Yang harus kau tahu, ia kini mendesis kesakitan sedirian.
Tanpa timang-timang sayang dan buaian pehatian.
Dia sendiri, menahan penyakit yang mengerikan.
Dia hanya butuh satu hati penuh bersamamu, tanpa ada yang lainnya.
Kau selalu janji akan menemaninya.
Namun yang terjadi, kau selalu mengingkarinya.
Mungkin hatinya kuat, namun tidak raganya.
Lagi, malam ini ia hanya bisa menahan sakit yang lebih sudi menemaninya.
Lihatlah ia barang sebentar, dan jangan hiraukan wanita yang kini bersamamu.
Mana janjimu yang katanya hanya mencintainya?
Ia dulu relakan kau pergi, meninggalkannya.
Ia bahkan diam saat kau tak pernah menguhubunginya.
Ia kini datang hanya untuk meminta yang jadi haknya.
Tapi apa?
Kau selalu membuatnya mengurai airmata kecewa.
"Halo, kediaman Jaegerjaques." Jawab seorang pria berambut biru setelah mengangkat telefonnya yang berdering.
"..."
Prakk!
Gagang telefon yang ia pegang kini jatuh tak berdaya di lantai. Sang penerima telefon bernama Grommjow Jaegerjaques membeku di tempatnya. Ia tak mempercayai pendengarannya barusan. Kini ia berlari keluar dan memacu mobilnya dengan kecepatan penuh. Ichigo. Sekarang ia lah tujuannya.
Kini kau tergesa-gesa menemuinya.
Saat dia tak lagi dapat menyambutmu.
Kini kau mengkhawatirnkannya.
Saat ia sudah tenang selamanya.
"Grimm, ini aku, Renji. Aku hanya ingin memberitahumu, Ichigo sudah meninggal."
Pekakan pendengaranmu wahai pria angkuh bermata langit.
Kini kau tak perlu lagi melontar janji yang tak pasti.

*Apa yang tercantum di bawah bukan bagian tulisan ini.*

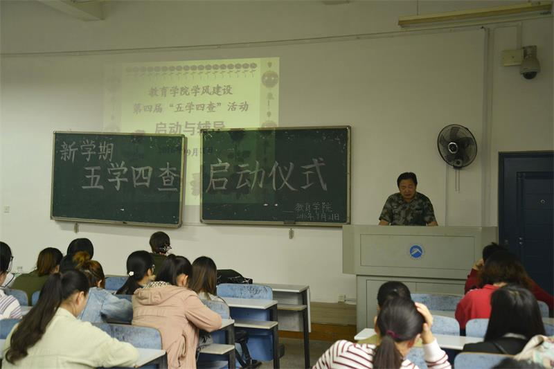 为了抵制不良文化的负面影响,营造良好的学习氛围,提高学风建设的实效性,创造学风建设特色,创建良好的特色文化,教育学院对学风建设进行了多年的探索,形成了“五学四查”的理念和做法。为了推广新做法,2016年10月11日15:00在第八教学楼1―4开展新学期“五学四查”会议,莅临本次大会的嘉宾有教育学院院长李海萍教授、院党委副书记王伟清教授、学工办辅导员尹琼芳老师、李涛老师、练素华老师以及教务办主任王方老师,还有14、15级各班班长、团支书、危机信息员和学习委员。
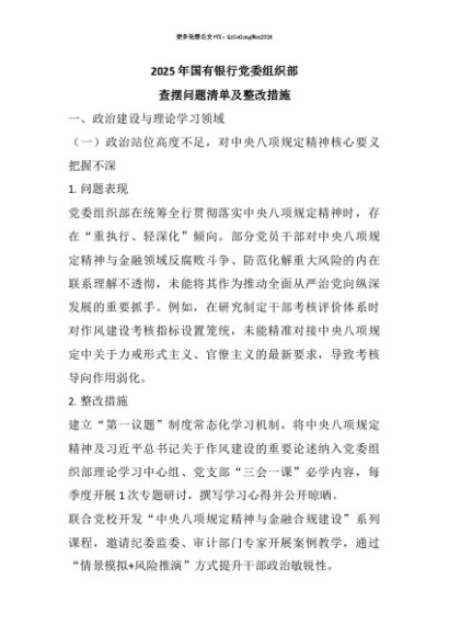 【七哥公文】2025年:【七哥公文】2025年国有银行党委组织部查摆问题清单及整改措施_副本+更多免费公文+VX:QiGeGongWen2024+更多免费公文+VX:QiGeGongWen2024
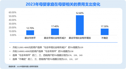 據(jù)2023中國新母嬰人群研究報告數(shù)據(jù)顯示,與2022年相比,盡管仍有52.6%的母嬰消費者在母嬰相關(guān)的費用支出上會有所增加,但近五成母嬰用戶消費意愿無明顯變化甚至偏保守悲觀。
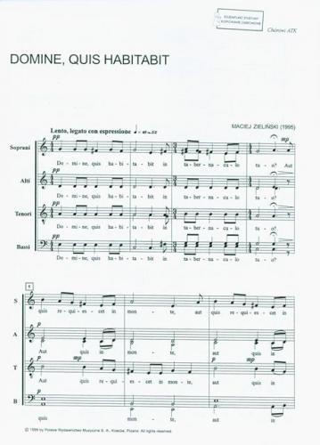 Kompozytor wykorzystał do opracowania muzycznego sugestywny, napominający tekst psalmu XIV. Na postawione na początku pytanie (''Panie, kto może mieszkać w twoim domu?'') udzielona zostaje odpowiedź w postaci szeregu przykładów prawego postępowania, które na zakończenie są skomentowane i podsumowane (''Kto tak uczciwie stale postępuje na wieki upadku nie dozna. Będzie mieszkał w przybytku Twoim.''). Początek i koniec brzmią w dostojnej homorytmii. Środkową część natomiast kształtuje kompozytor w oparciu o różnorodne polifoniczne zabiegi, jak nakładanie, alternowanie, imitowanie głosów, a także kunsztowne zmiany dynamiczne.
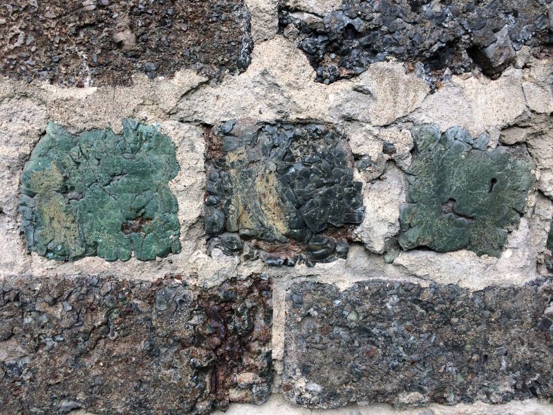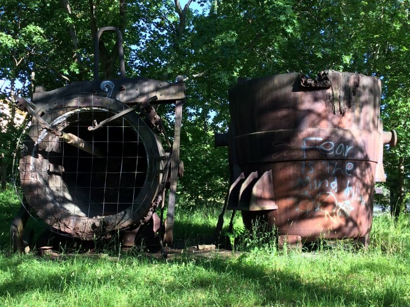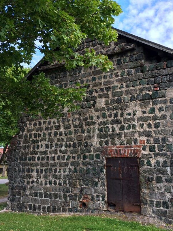 Kävelemme hiiliuunien vieressä, myös näihin rakennuksiin on käytetty kuonatiiltä, joka on itse asiassa aika hienoa materiaalia. Mustaa tiiltä, jossa on kiiltävää, uunin valtavissa lämpötiloissa tiivistynyttä lasiaista.
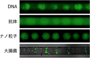 また、混合溶液にあらかじめ物質を加えると、マイクロカプセル内部に効率よく物質を内包できた。実験では、核酸や抗体、ナノ粒子、大腸菌を内包できることを実際に確認している。
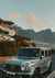 Dieses Gemälde zeigt einen silbernen Mercedes G-Klasse, der auf einer Straße neben moderner Architektur geparkt ist, mit einem Berg im Hintergrund unter einem klaren Himmel bei Sonnenuntergang.
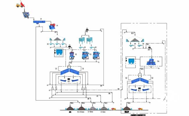 2,在需要更細粒度的情況下,可將40 mm以下的石料送入砂機,用圓形振動篩對成品進行篩分,經帶式輸送機輸送洗砂機清洗后,可將成品區放入成品區。石場生產線成套設備配置主要由破碎機、制砂機、給料機、篩分機、洗砂機等組成,各設備與中間的帶式輸送機相連。全線運行,砂石集料顆粒形態優良、均勻,成品可應用于建筑、公路、電力、水利等領域。
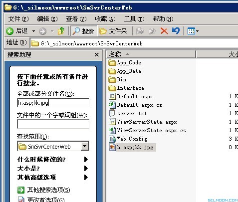 原理:在Windows中要搜索多個文件是使用分號(;)進行分割的,如果這個文件本身帶有分號怎么?- -。哈哈系統就不能搜索這種文件的!下圖,明明有這個h.asp;kk.jpg這個文件,在Windows搜索中會被當成h.asp和kk.jpg這兩個文件來搜索,這是Windows的一個設計不當,應該說不應該讓分號(;)做文件名的!
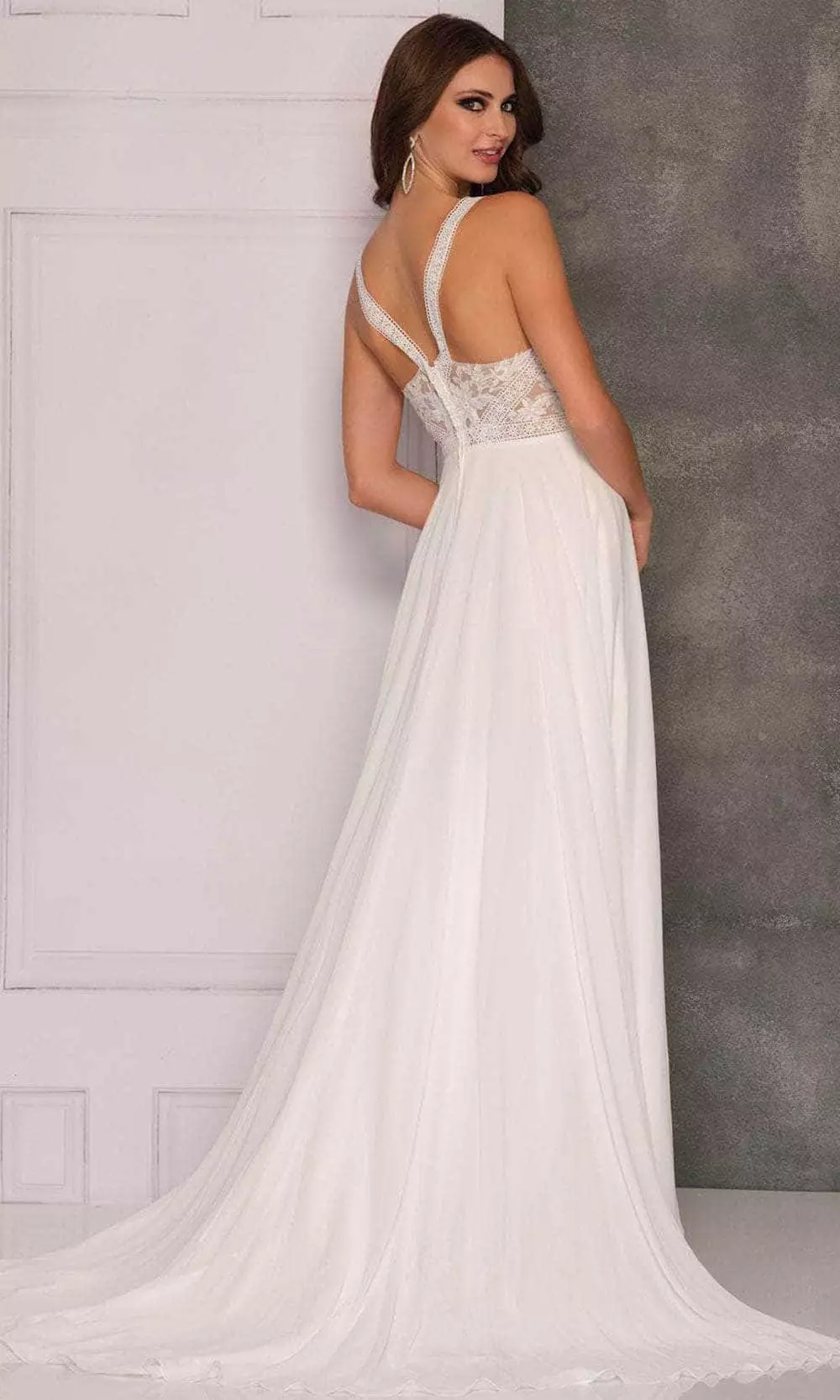 Draw everyone’s attention when you walk down the red carpet in this Dave & Johnny A10583 creation. The figure-flattering design has been entirely adorned with hand-sewn exquisite lace embroidery, which ensures a flawless style. Featuring a laced bodice that gives you an alluring sheer style as it flaunts a V-neckline and padded bra for your comfort. The back is midrised and is secured with a zipper for a secure fit. The skirt flows luxuriously in chiffon fabric, fully lined, as it cascades to a sweep train finish. You’ll be the talk of the event as you wear this Dave & Johnny masterpiece on your big day! Model is wearing the Ivory color.

Dia tak akan memintanya lagi.
Kini kau tak perlu bersusah payah menghindari.
Kini dia sudah pergi.
Satu hari, hanya satu hari yang diminta.
Tapi sekarang tak akan pernah bisa kau beri.
Kau berjalan seakan tanpa nyawa.
Sembari memandangnya yang kini terbujur diam selamanya.
Apa kau meyesal?
Tak perlu, karena dia sudah tak akan menjadi bebanmu lagi.
Harusnya kau senang.
"Ichi..." Panggil Grimmjow lirih pada sang Kurosaki muda di depannya. Ia tak menyangka bahwa kekasih hatinya akan pergi secepat ini.
Masih pantaskah kau menyebutnya kekasih hati?
"Setahun lalu, ia divonis terjangkit AIDS. Ia mengalami menolong anak kecil yang terjangkit HIV, dan ia tertular dari darah yang terpercik ke lukanya."
Satu tahun yang lalu.
Memori itu berputar dalam benakmu.
Sebulan sebelum pernikahanmu, ia datang padamu dan mengatakna ia rela melepasmu.
Kau terdiam membisu.
Karena saat itu kau juga harus memilih keluargamu.
Ia sudah merelakan hatinya, dan cintanya.
Ia sudah korbankan perasaannya.
Ia sudah meminta sesedikit yang ia bisa.
Namun kau tak kunjung memenuhinya.
Sekarang, ia mengorbankan waktunya.
Ia berikan seumur hidupmu tanpanya.
Kini, pandanglah dia yang tak akan lagi merengek padamu.
Pandanglah sepuas hatimu, dan tak perlu kau menitikkan airmata seperti itu.